***** AVAILABLE DATA *****

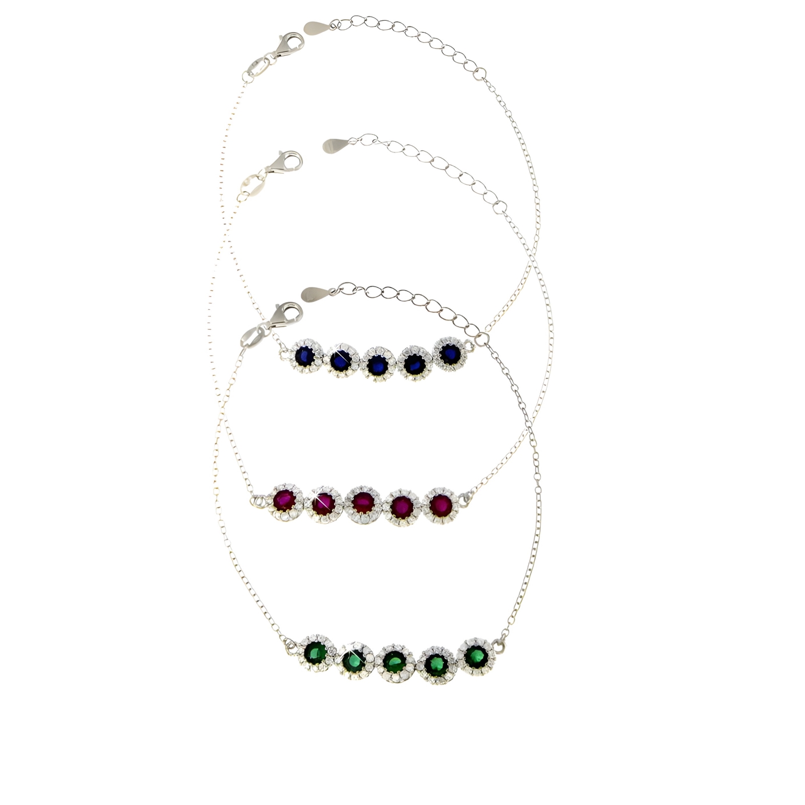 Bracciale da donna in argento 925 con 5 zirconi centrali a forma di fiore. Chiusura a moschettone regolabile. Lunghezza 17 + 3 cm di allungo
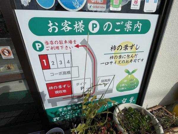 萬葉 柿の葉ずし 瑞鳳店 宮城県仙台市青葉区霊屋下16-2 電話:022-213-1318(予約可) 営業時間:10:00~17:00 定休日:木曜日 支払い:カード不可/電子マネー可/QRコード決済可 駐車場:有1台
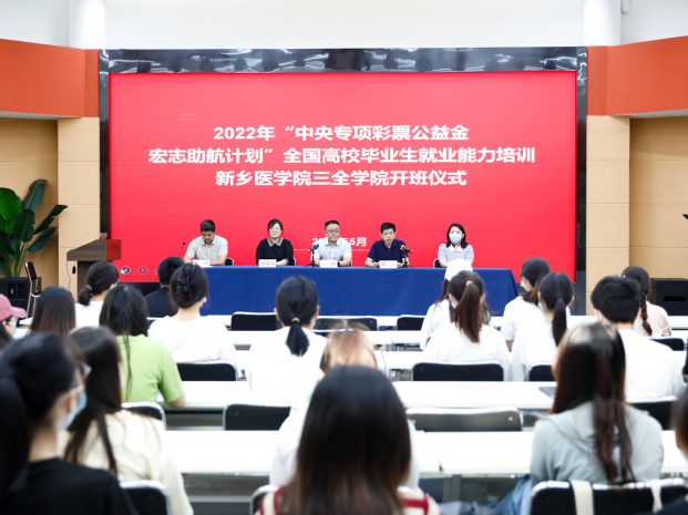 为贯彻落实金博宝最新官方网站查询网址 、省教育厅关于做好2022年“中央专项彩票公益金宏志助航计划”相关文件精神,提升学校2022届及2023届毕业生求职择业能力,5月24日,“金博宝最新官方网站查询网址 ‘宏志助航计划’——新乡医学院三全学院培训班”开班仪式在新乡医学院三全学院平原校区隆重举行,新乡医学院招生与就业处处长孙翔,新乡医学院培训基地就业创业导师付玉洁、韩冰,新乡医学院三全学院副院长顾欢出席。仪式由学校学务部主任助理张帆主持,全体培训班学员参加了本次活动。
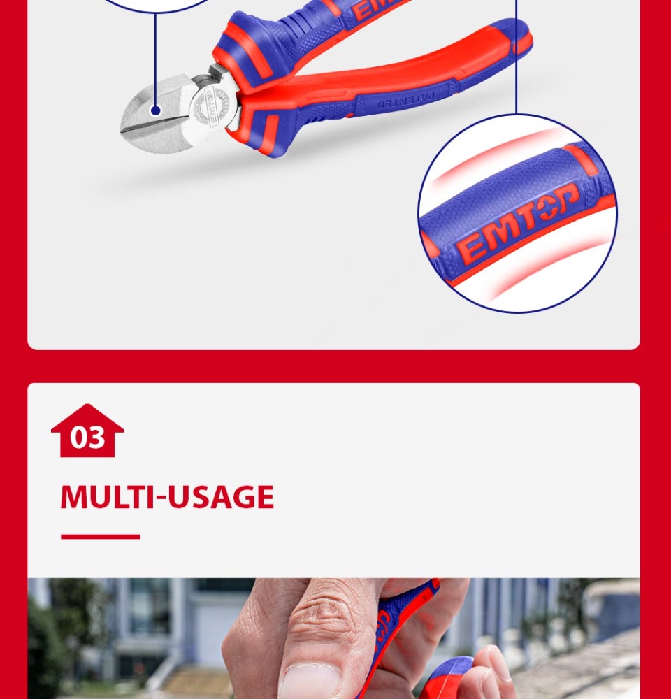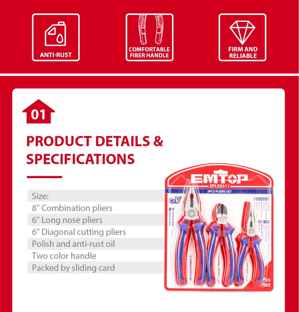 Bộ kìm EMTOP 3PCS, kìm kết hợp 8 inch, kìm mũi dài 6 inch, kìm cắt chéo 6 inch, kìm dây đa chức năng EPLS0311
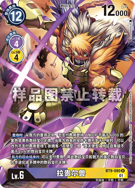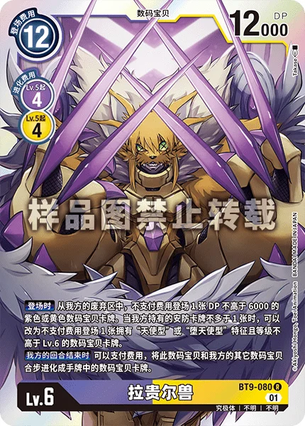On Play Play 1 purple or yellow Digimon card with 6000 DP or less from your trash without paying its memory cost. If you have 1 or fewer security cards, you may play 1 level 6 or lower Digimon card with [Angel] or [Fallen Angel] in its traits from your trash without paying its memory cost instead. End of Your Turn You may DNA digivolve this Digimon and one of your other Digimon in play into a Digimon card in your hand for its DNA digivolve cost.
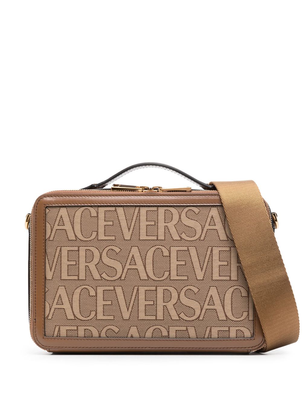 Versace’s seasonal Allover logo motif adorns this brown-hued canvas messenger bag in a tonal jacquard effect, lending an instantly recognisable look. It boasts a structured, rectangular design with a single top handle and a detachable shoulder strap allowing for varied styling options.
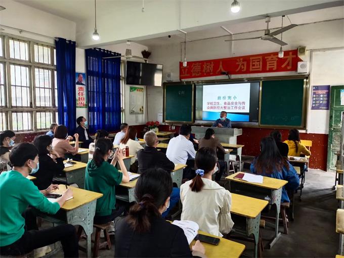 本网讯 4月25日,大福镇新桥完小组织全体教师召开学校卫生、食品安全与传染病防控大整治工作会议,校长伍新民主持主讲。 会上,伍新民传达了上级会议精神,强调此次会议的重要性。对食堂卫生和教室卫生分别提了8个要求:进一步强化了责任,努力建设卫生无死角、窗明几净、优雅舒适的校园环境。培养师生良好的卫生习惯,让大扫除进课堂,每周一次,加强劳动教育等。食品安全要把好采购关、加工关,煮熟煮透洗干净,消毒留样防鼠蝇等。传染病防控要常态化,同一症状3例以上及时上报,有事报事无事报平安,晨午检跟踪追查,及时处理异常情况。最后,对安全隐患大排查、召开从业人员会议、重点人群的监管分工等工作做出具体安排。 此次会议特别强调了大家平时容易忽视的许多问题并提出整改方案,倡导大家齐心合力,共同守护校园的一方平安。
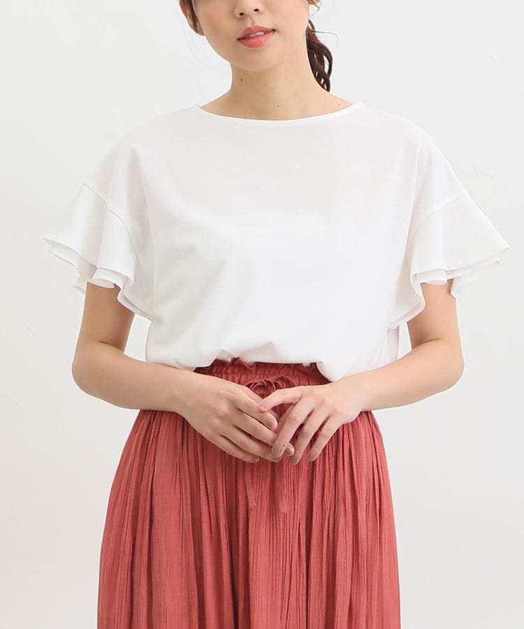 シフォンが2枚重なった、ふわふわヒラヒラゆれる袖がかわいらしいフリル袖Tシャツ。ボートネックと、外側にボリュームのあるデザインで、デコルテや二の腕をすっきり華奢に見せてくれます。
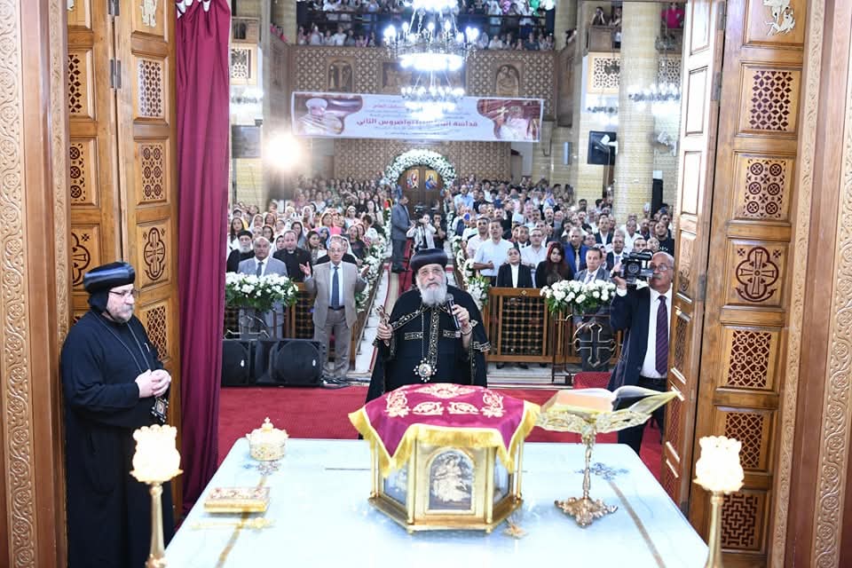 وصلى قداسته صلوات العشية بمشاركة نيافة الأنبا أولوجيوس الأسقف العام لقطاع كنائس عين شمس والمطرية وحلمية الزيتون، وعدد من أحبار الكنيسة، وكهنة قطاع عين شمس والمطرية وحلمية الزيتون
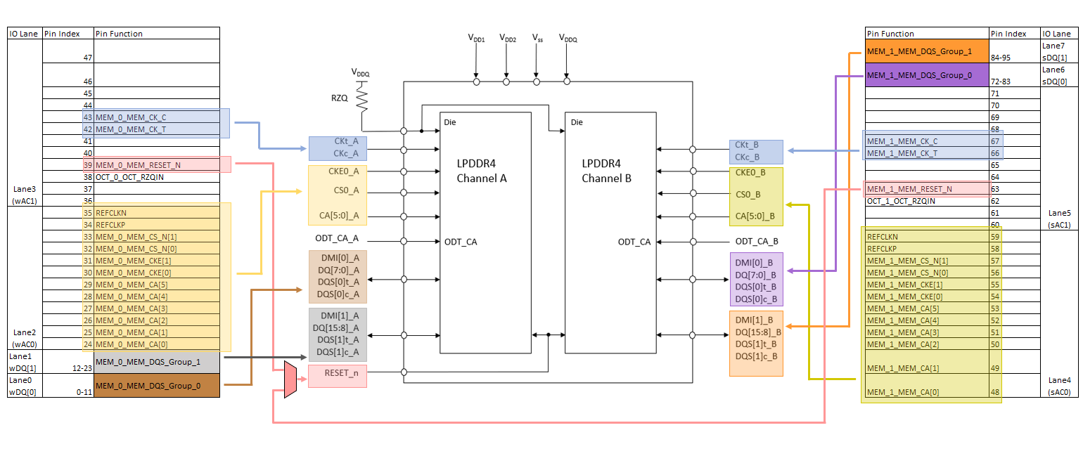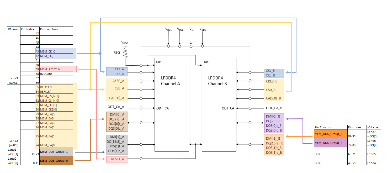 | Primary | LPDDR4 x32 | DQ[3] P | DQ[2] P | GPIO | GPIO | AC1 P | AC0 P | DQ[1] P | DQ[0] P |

*****

WHAT TO WORK ON: Please reproduce exactly and only the lines from the first line of the records through the line containing "Versace’s seasonal Allover", both included, omitting any pictures.

OUTPUT FOR THIS EXERCISE:
 Bracciale da donna in argento 925 con 5 zirconi centrali a forma di fiore. Chiusura a moschettone regolabile. Lunghezza 17 + 3 cm di allungo
 萬葉 柿の葉ずし 瑞鳳店 宮城県仙台市青葉区霊屋下16-2 電話:022-213-1318(予約可) 営業時間:10:00~17:00 定休日:木曜日 支払い:カード不可/電子マネー可/QRコード決済可 駐車場:有1台
 为贯彻落实金博宝最新官方网站查询网址 、省教育厅关于做好2022年“中央专项彩票公益金宏志助航计划”相关文件精神,提升学校2022届及2023届毕业生求职择业能力,5月24日,“金博宝最新官方网站查询网址 ‘宏志助航计划’——新乡医学院三全学院培训班”开班仪式在新乡医学院三全学院平原校区隆重举行,新乡医学院招生与就业处处长孙翔,新乡医学院培训基地就业创业导师付玉洁、韩冰,新乡医学院三全学院副院长顾欢出席。仪式由学校学务部主任助理张帆主持,全体培训班学员参加了本次活动。
 Bộ kìm EMTOP 3PCS, kìm kết hợp 8 inch, kìm mũi dài 6 inch, kìm cắt chéo 6 inch, kìm dây đa chức năng EPLS0311
On Play Play 1 purple or yellow Digimon card with 6000 DP or less from your trash without paying its memory cost. If you have 1 or fewer security cards, you may play 1 level 6 or lower Digimon card with [Angel] or [Fallen Angel] in its traits from your trash without paying its memory cost instead. End of Your Turn You may DNA digivolve this Digimon and one of your other Digimon in play into a Digimon card in your hand for its DNA digivolve cost.
 Versace’s seasonal Allover logo motif adorns this brown-hued canvas messenger bag in a tonal jacquard effect, lending an instantly recognisable look. It boasts a structured, rectangular design with a single top handle and a detachable shoulder strap allowing for varied styling options.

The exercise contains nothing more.